Une réglementation nationale des stages doit garantir l'égalité de tous les étudiants en leur permettant d'accéder à des stages formateurs et qualifiants non soumis aux seuls intérêts des employeurs. Ainsi un droit au stage et un droit des stagiaires doit donner lieu à des garanties législatives.
Les 10 points que doit garantir une réglementation des stages
Une réglementation des stages doit garantir :
- Le stage doit avoir un objectif pédagogique et être en cohérence avec la formation suivie par l’étudiant. Le suivi pédagogique du stage doit être permanent. Le suivi doit permettre de confronter la pratique dans l'entreprise avec le projet pédagogique du stage.
- Dans l’entreprise, un tuteur salarié doit suivre le stagiaire pendant sa présence dans l’entreprise. Celui-ci ne doit suivre qu’un stagiaire.
- Le nombre de stagiaire dans l’entreprise doit être strictement limité.
- Une rémunération minimale des stages à hauteur de 50% du SMIC, proportionnelle à la durée du stage et au niveau de formation dans lequel il s’inscrit doit être garantie.
- Les périodes de stages doivent être incluses dans le calcul des annuités de retraite.

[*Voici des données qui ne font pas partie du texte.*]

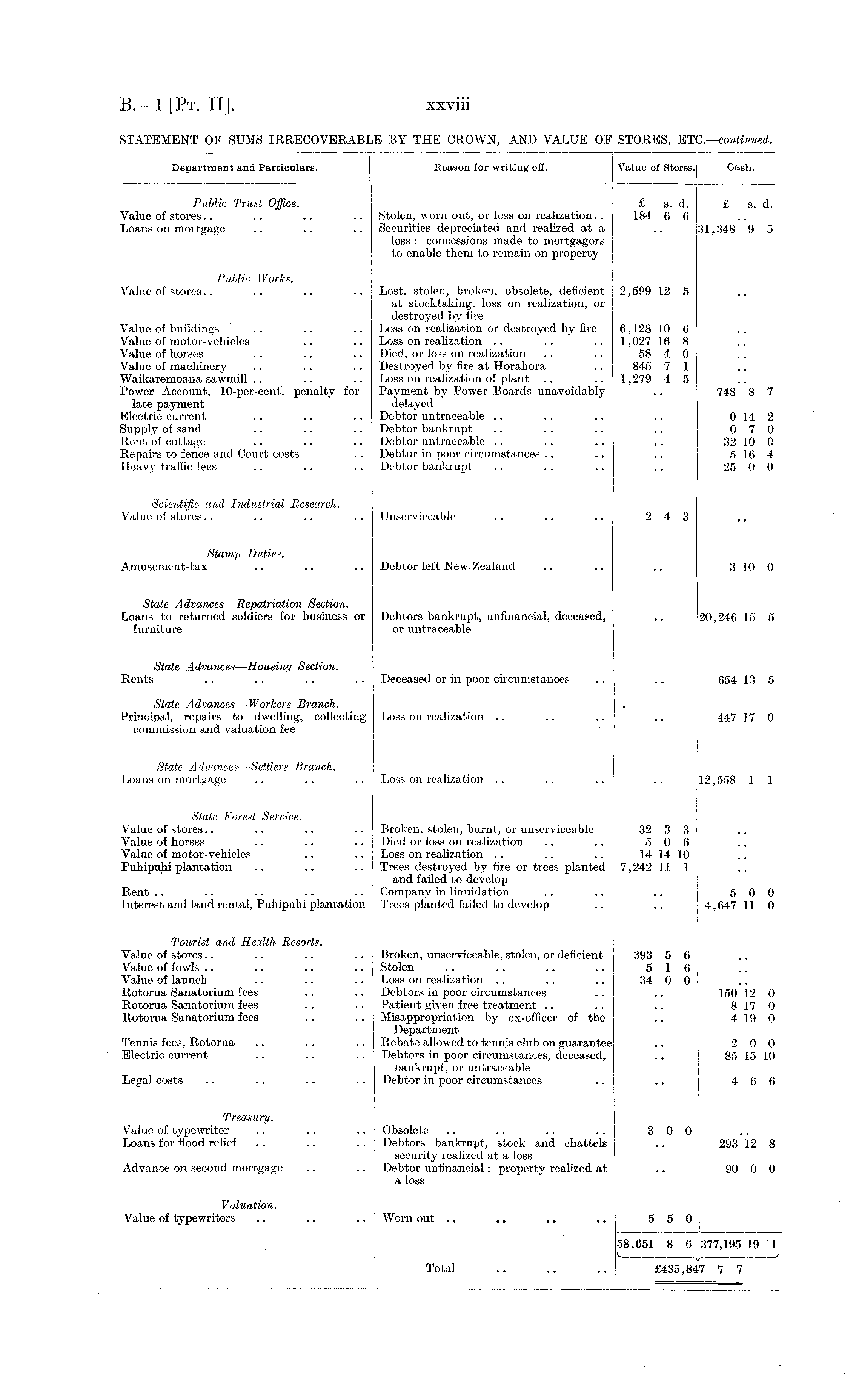 STATEMENT OF SUMS IRRECOVERABLE BY THE CROWN, AND VALUE OF STORES, ETC. —continued.

- La réglementation des stages doit être étendue à la fonction publique.
- La durée maximale d’un stage doit être limité à 6 mois.
- Les déplacements pendant la durée du stage doivent donner lieu à des indemnités de transport, de repas et de logement.
- Les stages hors cursus doivent être interdits.
- Le nombre de stagiaire dans l’entreprise doit être strictement limité.
- Des dispositions contraignantes doivent être prévues pour empêcher que les stagiaires ne remplacent des salariés.